**Your goal**.
Give the data again word for word; drop the pictures.

**Source data**.
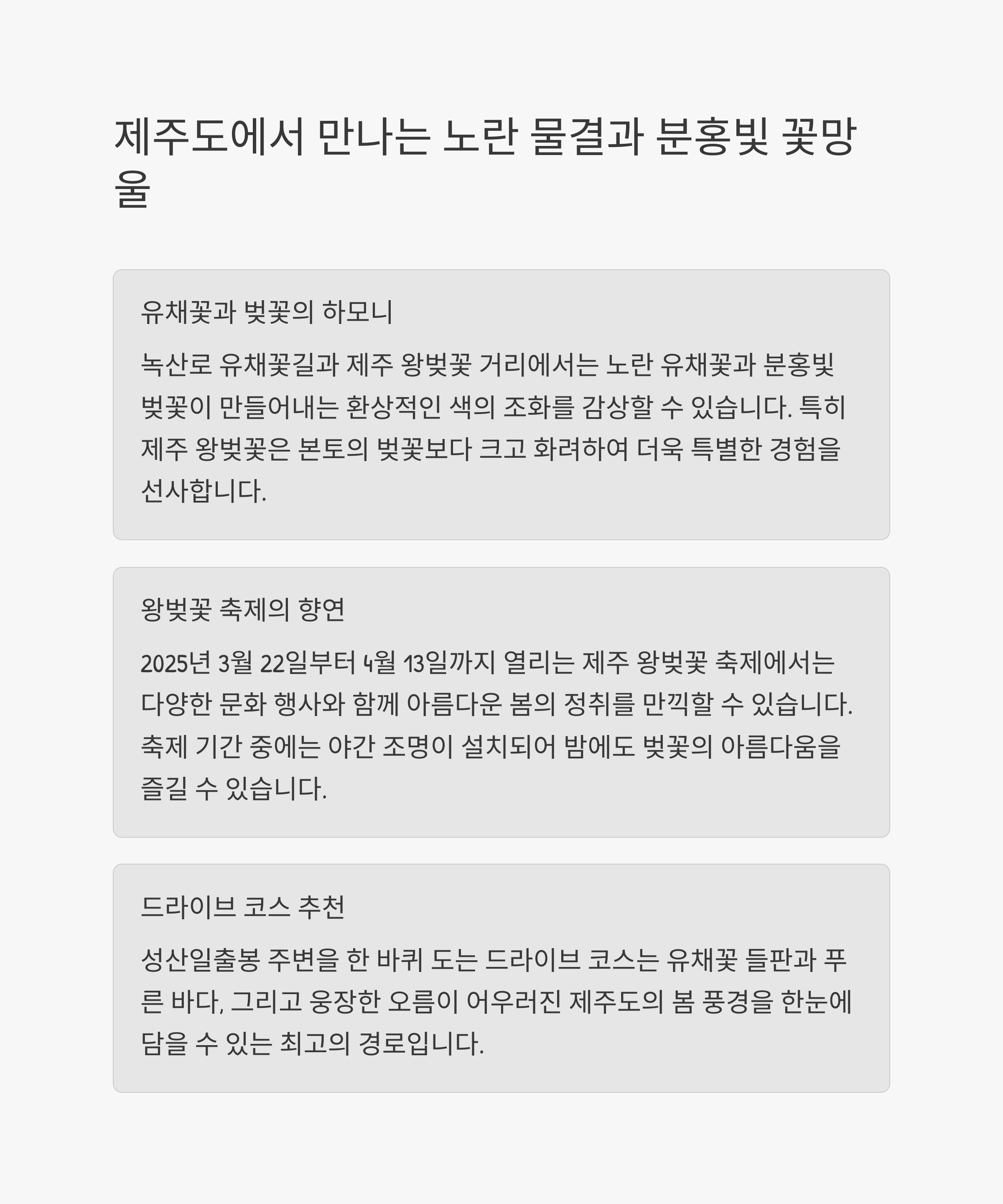 추천 장소: 녹산로 유채꽃길, 제주 왕벚꽃 거리, 성산일출봉
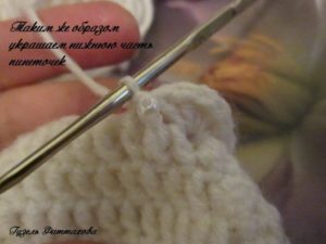 - Плетете подгъва, като го разделите на 2 зони и постепенно намалявате броя на бримките. Както вече беше написано, шевът на продукта в този случай трябва да бъде направен навън. Това ще предпази крачето на бебето от ненужно триене.
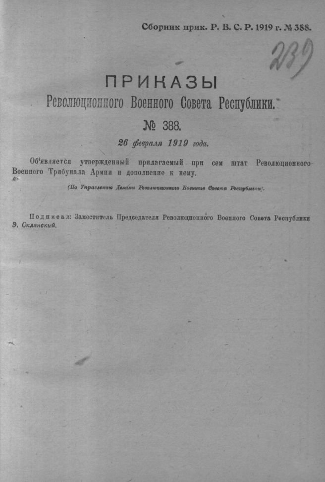 Приказ Революционного Военного Совета Республики № 388. 26 февраля 1919 года (По Управлению Делами Революционного Военного Совета Республики)

**Response to the task**.
 추천 장소: 녹산로 유채꽃길, 제주 왕벚꽃 거리, 성산일출봉
 - Плетете подгъва, като го разделите на 2 зони и постепенно намалявате броя на бримките. Както вече беше написано, шевът на продукта в този случай трябва да бъде направен навън. Това ще предпази крачето на бебето от ненужно триене.
 Приказ Революционного Военного Совета Республики № 388. 26 февраля 1919 года (По Управлению Делами Революционного Военного Совета Республики)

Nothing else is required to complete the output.